Deschartres, très affectueux pour moi et très occupé de ma santé, ne songeait plus à rien quand il entendait glousser la caille auprès de son filet. Je me laissais aussi emporter un peu à cet amusement sauvage de guetter et de saisir une proie. Aussi mon rôle d'appeleur consistant à être couchée dans les blés inondés de la rosée du matin, me ramena les douleurs aiguës dans tous les membres que j'avais ressenties au couvent. Deschartres vit qu'un jour je ne pouvais monter sur mon cheval et qu'il fallait m'y porter. Les premiers mouvemens de ma monture m'arrachaient des cris, et ce n'était qu'après de vigoureux temps de galop aux premières ardeurs du soleil que je me sentais guérie. Il s'étonna un peu et constata enfin que j'étais couverte de rhumatismes. Ce lui fut une raison de plus pour me prescrire les exercices violens et l'habit masculin qui me permettait de m'y livrer.
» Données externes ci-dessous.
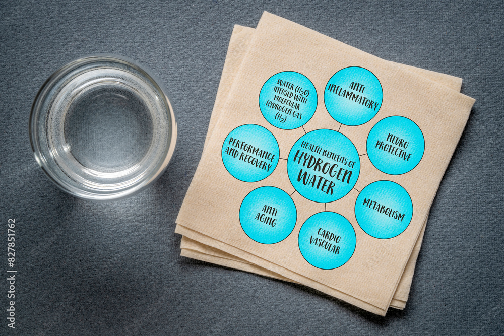 health benefits of hydrogen water infused with molecular hydrogen gas, diagram infographics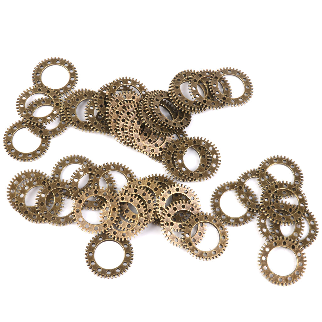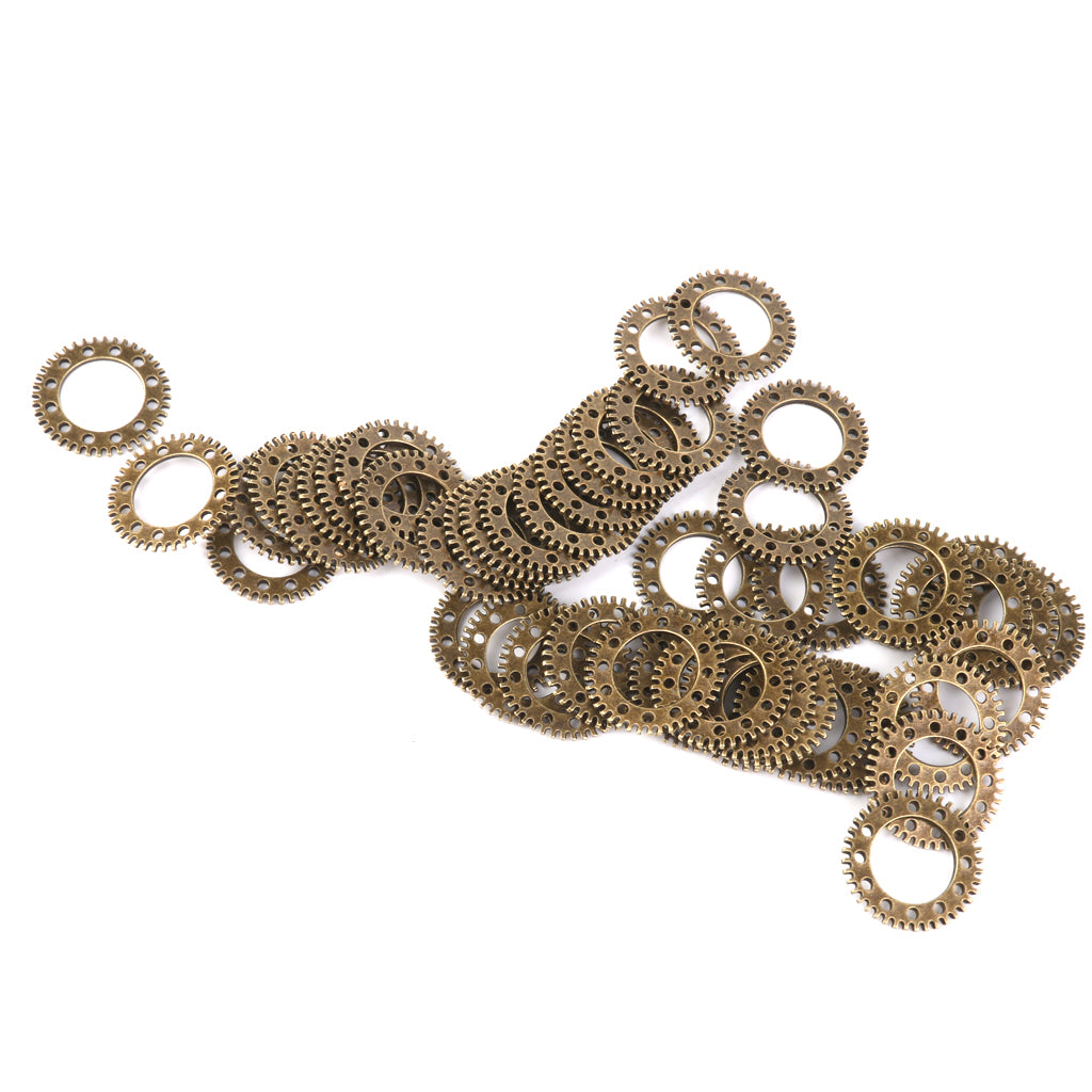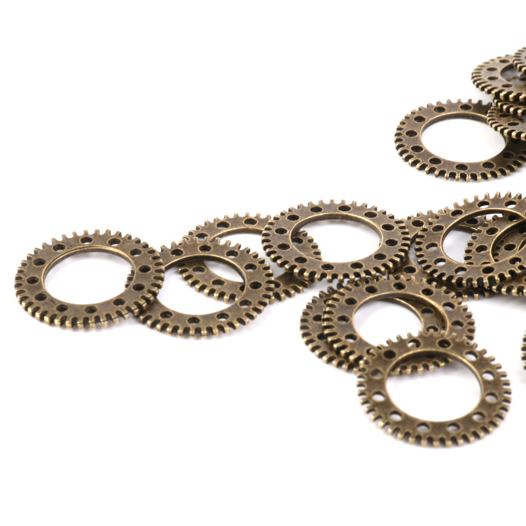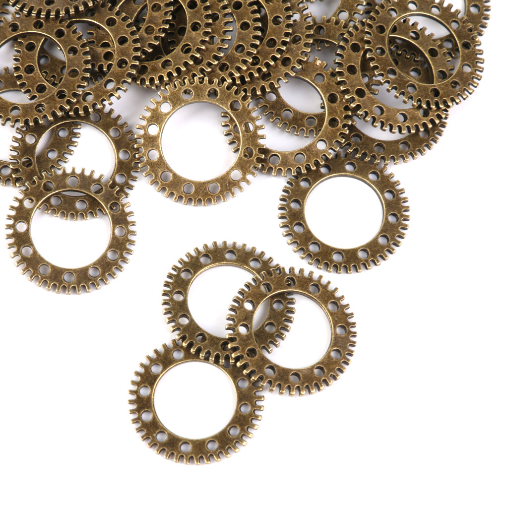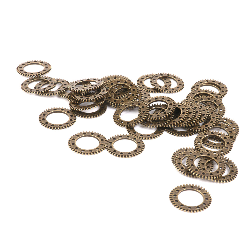 Vintage Punk Alloy Hollow Gear Wheel Pendant Charms 2CM 50PCS Antique Bronze
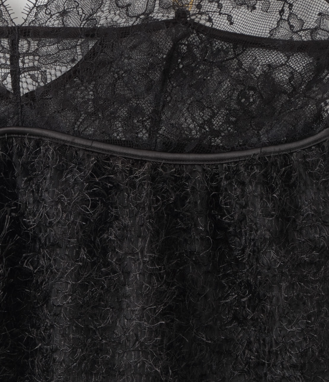 ・アンダーバストから下は、柔らかく長い毛足のシャギージャカード生地。遊び心を感じさせる、可愛らしく華やかな素材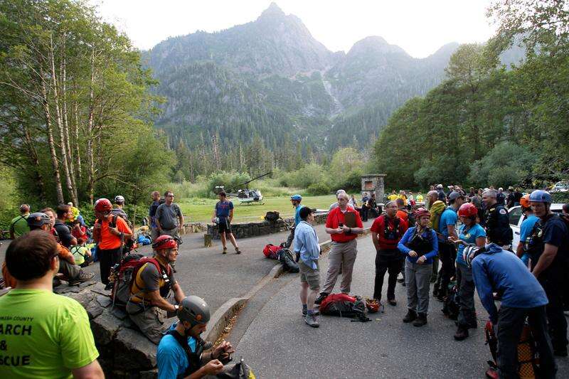 Search and Rescue volunteers gather at a staging area, Monday, after the Big Four ice caves collapsed. Associated Press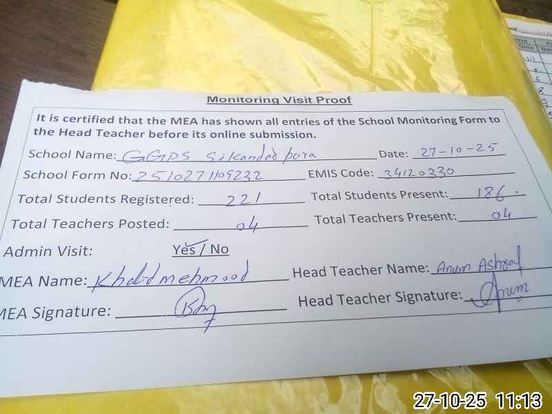 | EMIS Code: 34120330 | Name of School: GGPS SIKANDAR PURA | |||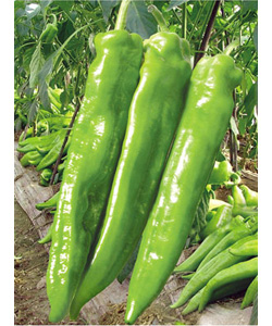 简介:极早熟浅绿色大牛角,微辣,果长28厘米,最 长可达35厘米,粗4-6厘米,果实光滑顺直,光泽度好, 连续座果能力强,抗病突出,适合春秋保护地栽培。

Ma grand'mère me vit ainsi et pleura. «Tu ressembles trop à ton père, me dit-elle. Habille-toi comme cela pour courir, mais rhabille-toi en femme en rentrant, pour que je ne m'y trompe pas, car cela me fait un mal affreux, et il y a des momens où j'embrouille si bien le passé avec le présent, que je ne sais plus à quelle époque j'en suis de ma vie.»
Ma manière d'être ressortait si naturellement de la position exceptionnelle où je me trouvais, qu'il me paraissait tout simple de ne pas vivre comme la plupart des autres jeunes filles. On me jugea très bizarre, et pourtant je l'étais infiniment moins que j'aurais pu l'être, si j'y eusse porté le goût de l'affectation et de la singularité. Abandonnée à moi-même en toutes choses, ne trouvant plus de contrôle chez ma grand'mère, oubliée en quelque sorte de ma mère, poussée à l'indépendance absolue par Deschartres, ne sentant en moi aucun trouble de l'âme ou des sens, et pensant toujours, malgré la modification qui s'était faite dans mes idées religieuses, à me retirer dans un couvent, avec ou sans vœux monastiques, ce qu'on appelait autour de moi l'opinion n'avait pour moi aucun sens, aucune valeur, et ne me paraissait d'aucun usage.